» **Exercise description**
Beginning with the line that has "A kétszintes épületekből" and ending with the line that has "10 Times Table Worksheet #1086", retype the entries below exactly, except for the pictures.

» **Records provided**
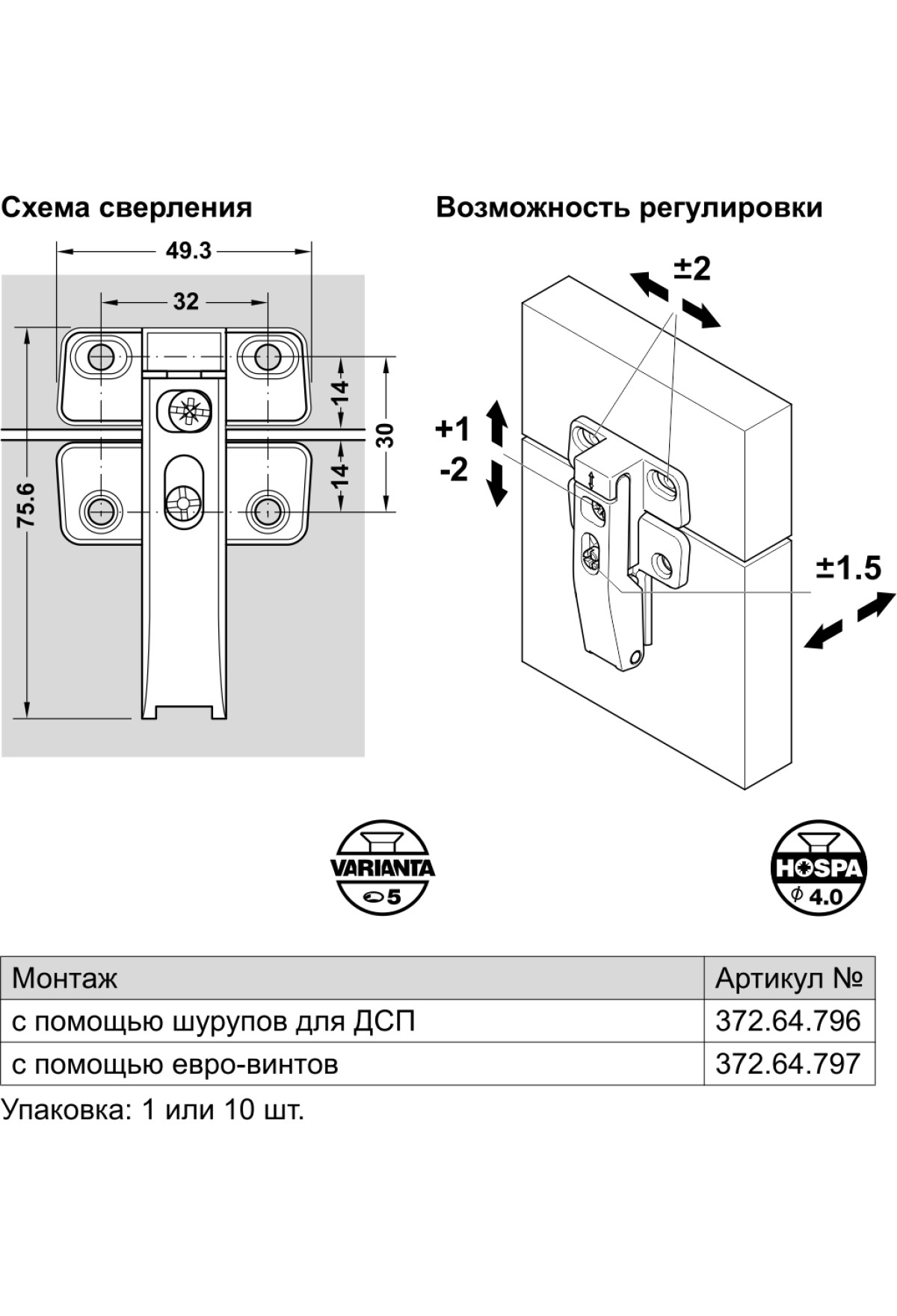 Технические характеристики Петля мебельная центральная для складных дверей при установке подъемных механизмов Free Fold 372.64.796 Hafele
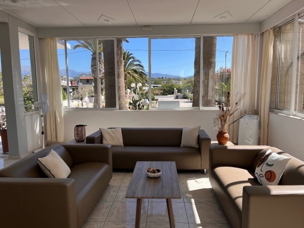 A kétszintes épületekből álló komplexum közvetlenül a tengerparton, egy kis kertben található, csendes környezetben, Gerani és Platanias között, kb. 1,5 km-re az üdülőhelyek központjától. Chania városa kb. 14 km-re, a repülőtér pedig kb. 30 km-re fekszik. A szálloda mellett minimarket is található.
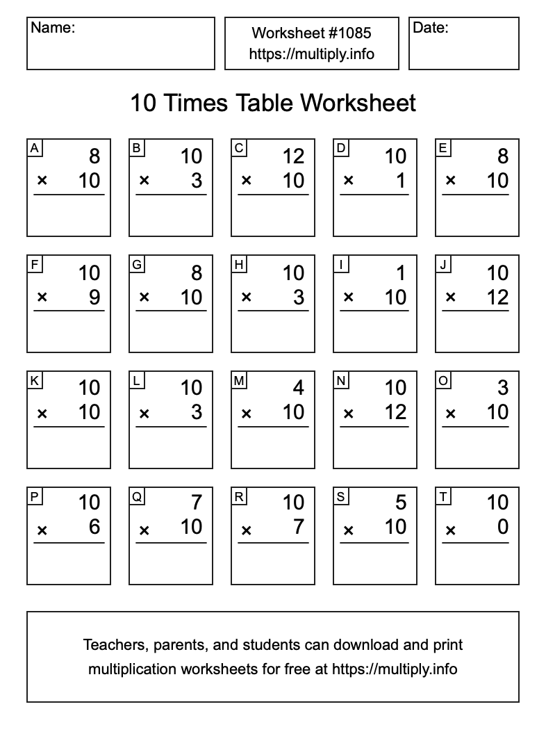 10 Times Table Worksheet #1086
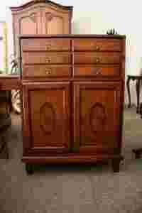Bardzo ładny i praktyczny sekretarzyk - komoda fornirowany orzechem. Blat i drzwi są pięknie intarsjowane. Blat komody obraca się o 180 stopni tworząc sekretarzyk - patrz zdjęcia. Szuflady wyściełane są jasnobrązowym pluszem.
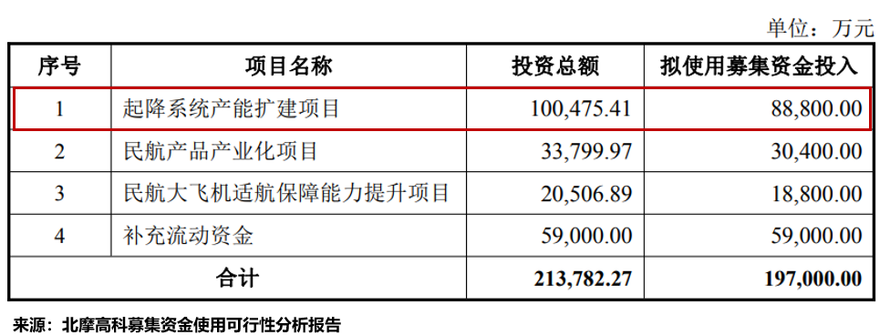 预案显示,其中,有8.88亿元用于起降系统产能扩建项目。
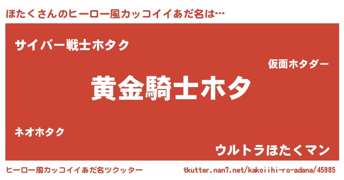 | 胡散臭い通販商品みたいなあだ名 | 『信頼と実績のサプリメント…その名も「ほたく」』 |
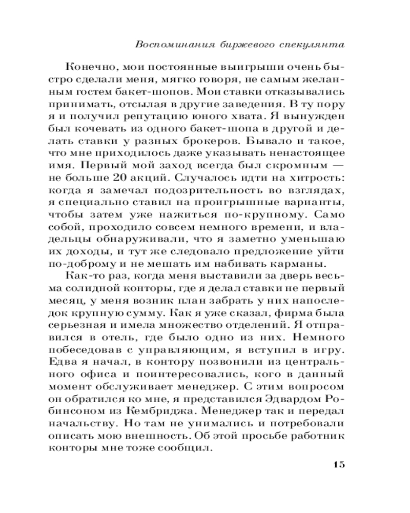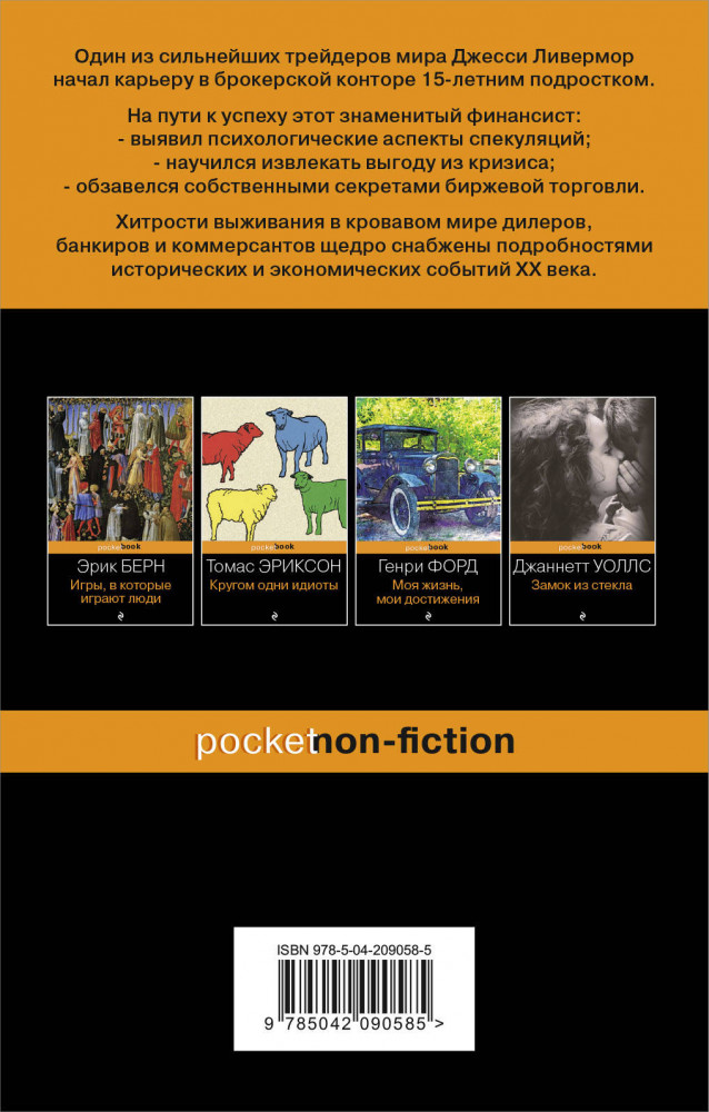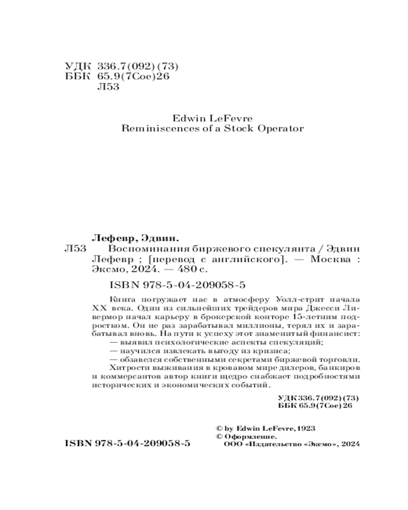 💳 Оплатить за товар можно при получении 🇰🇿 Есть бесплатная доставка по Казахстану от 1 дня 🎁 Копите бонусы с каждой покупки Серия: Pocket book (обложка). Non-fiction История, актуальная уже более 100 лет! Книга погружает нас в атмосферу Уолл-стрит начала XX века. Один из сильнейших трейдеров мира Джесси Ливермор начал карьеру в брокерской конторе 15-летним подростком. Он не раз зарабатывал миллионы, терял их и зарабатывал вновь. Хитрости выживания в кровавом мире дилеров, банкиров и коммерсантов автор книги щедро снабжает подробностями исторических и экономических событий. «Воспоминания биржевого спекулянта» — важнейшая книга в жизни любого трейдера! |

» **Written answer**
 A kétszintes épületekből álló komplexum közvetlenül a tengerparton, egy kis kertben található, csendes környezetben, Gerani és Platanias között, kb. 1,5 km-re az üdülőhelyek központjától. Chania városa kb. 14 km-re, a repülőtér pedig kb. 30 km-re fekszik. A szálloda mellett minimarket is található.
 10 Times Table Worksheet #1086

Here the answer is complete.